### [WHAT YOU WILL DO]
Starting at the line that contains "Corset Prom Dress", write out every line through the end of the records below exactly as it appears, and leave out all pictures.

### [RECORDS FOR THIS EXERCISE]
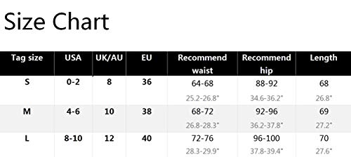 L=US 8-10 / UK/AU 12 / EU 40 : ---Recommend waist :28.3-29.9" ---Recommend hip :37.8-39.4" ---Length :27.6"
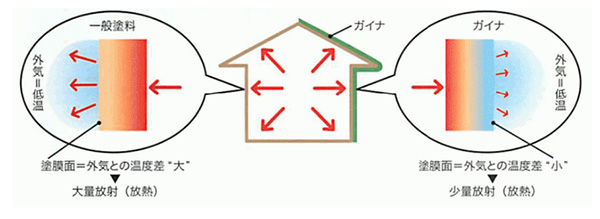 室内空気温度がいくら高くなっても、壁・天井の温度が低ければ、熱は壁・天井から逃げます。ガイナを施工すると、周辺の温度に適応し、熱の移動を最小限に抑えます。
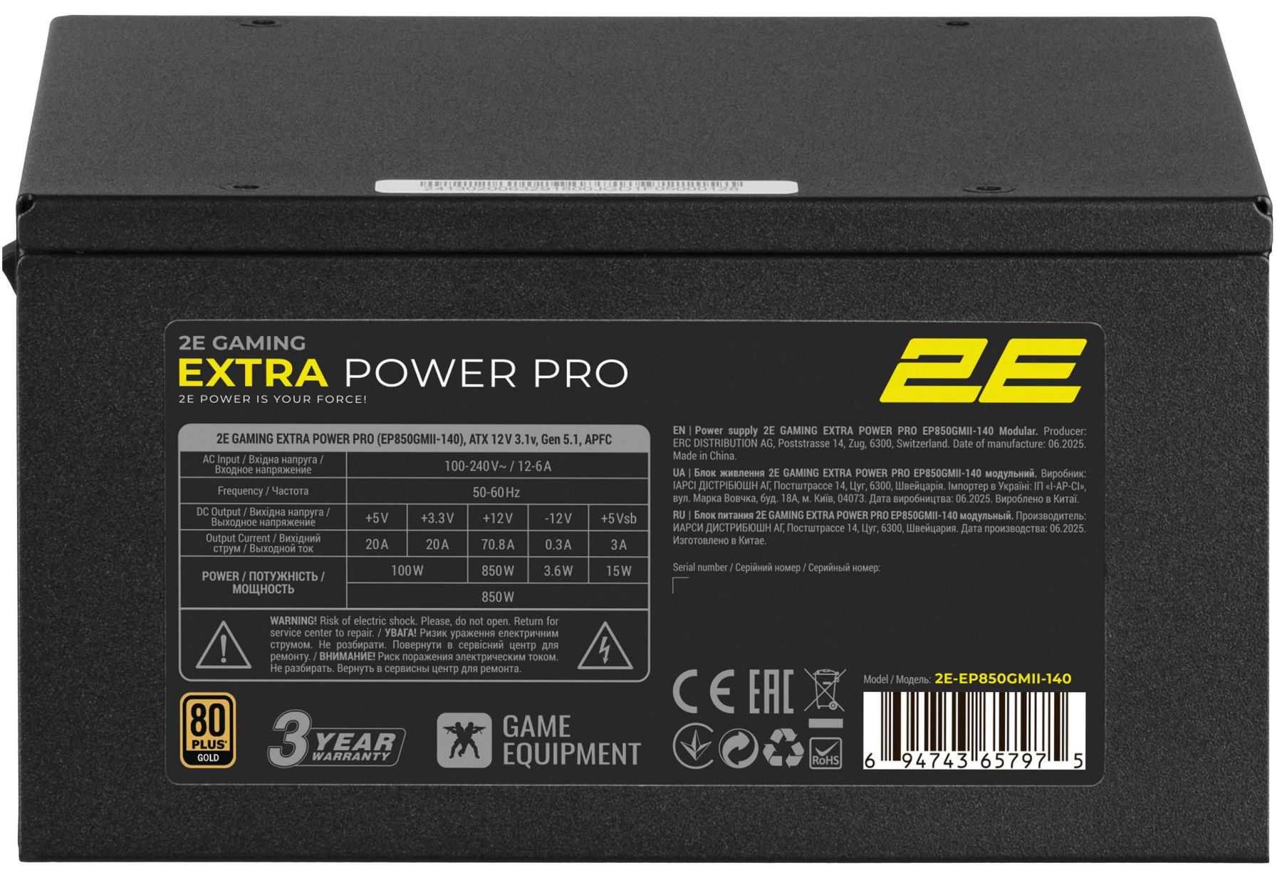 Блок живлення 2E GAMING Extra Power Pro ATX3.1 GEN5.0 (850W), >90%, 80+ Gold, 140мм, 1xMB 24pin(20+4), 2xCPU 8pin(4+4), 3xMolex, 6xSATA, 4xPCIe 8pin(6+2), 1xPCIe GEN5 16pin, Full Modular
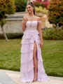 • Extravagant A-line Off-the-Shoulder Appliques Lace Sweep Train Tulle Corset Prom Dress
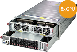 Supports 8x Tesla V100 with 300GB/s NVLINK, Dual 10GBase-T LAN with Intel X540, 16x Hot-swap 2.5" SAS/SATA drives and 8x NVMe drives
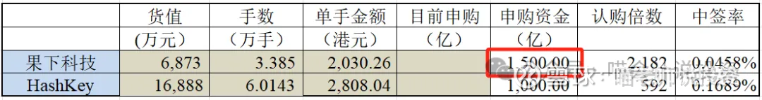 乙组申购资金为甲组的2.3倍,甲组单手中签率2.358‰,乙组单手中签率1.026‰;
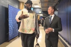 體育資訊3月6日訊 今日NBA焦點戰(zhàn),湖人客場挑戰(zhàn)掘金,詹姆斯賽前到場后見到了自己的播客搭檔納什。
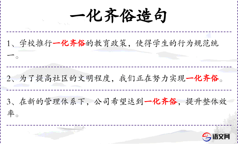 1. 【一化齐俗】 统一教化,整齐风俗。
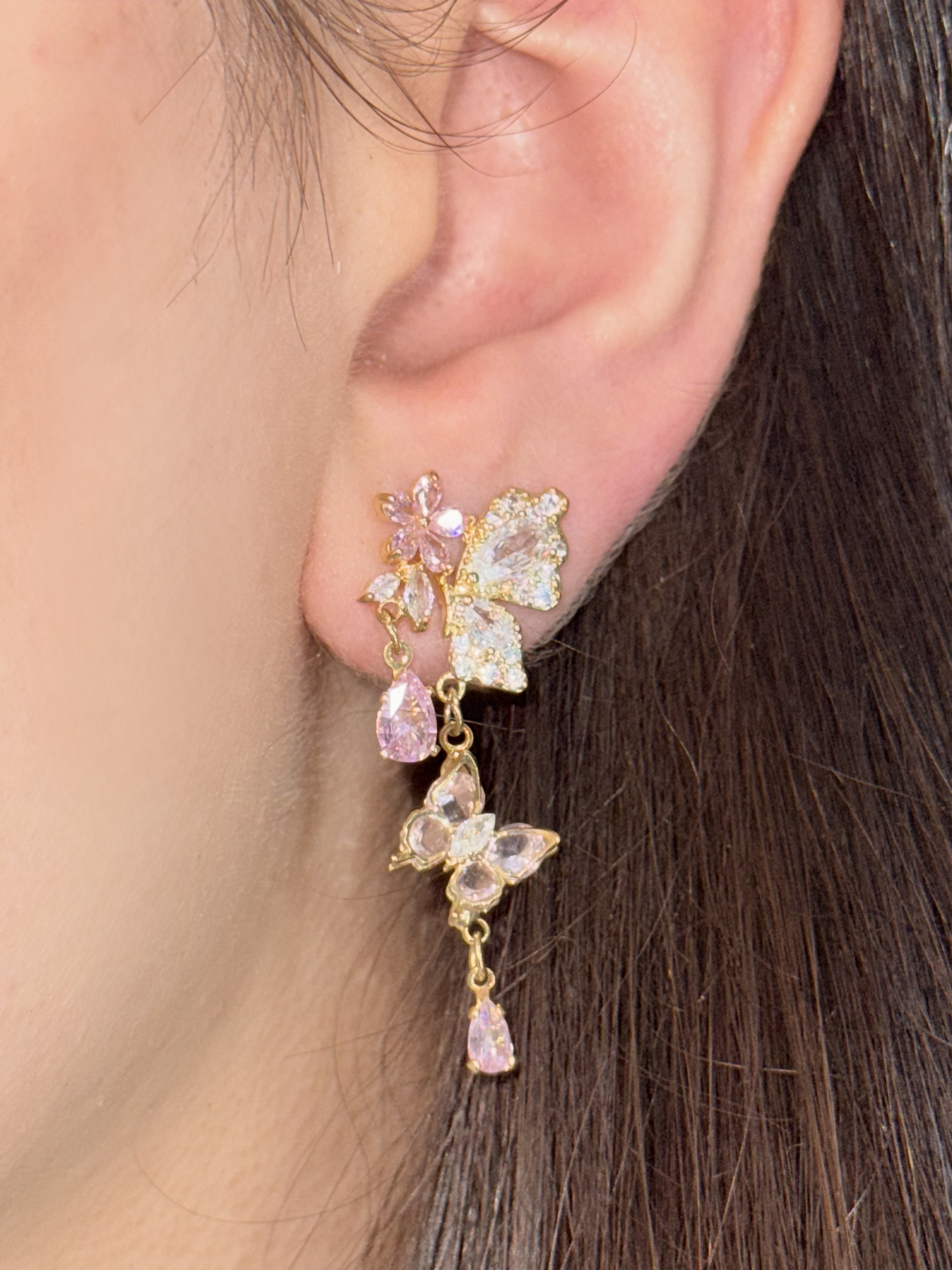 این گوشوارههای پروانهای زیبا با طراحی خاص و نگینهای ظریف، انتخابی فوقالعاده برای کسانی است که به جواهرات ظریف و درخشان علاقه دارند.

### [ANSWER AREA]
 • Extravagant A-line Off-the-Shoulder Appliques Lace Sweep Train Tulle Corset Prom Dress
 Supports 8x Tesla V100 with 300GB/s NVLINK, Dual 10GBase-T LAN with Intel X540, 16x Hot-swap 2.5" SAS/SATA drives and 8x NVMe drives
 乙组申购资金为甲组的2.3倍,甲组单手中签率2.358‰,乙组单手中签率1.026‰;
 體育資訊3月6日訊 今日NBA焦點戰(zhàn),湖人客場挑戰(zhàn)掘金,詹姆斯賽前到場后見到了自己的播客搭檔納什。
 1. 【一化齐俗】 统一教化,整齐风俗。
 این گوشوارههای پروانهای زیبا با طراحی خاص و نگینهای ظریف، انتخابی فوقالعاده برای کسانی است که به جواهرات ظریف و درخشان علاقه دارند.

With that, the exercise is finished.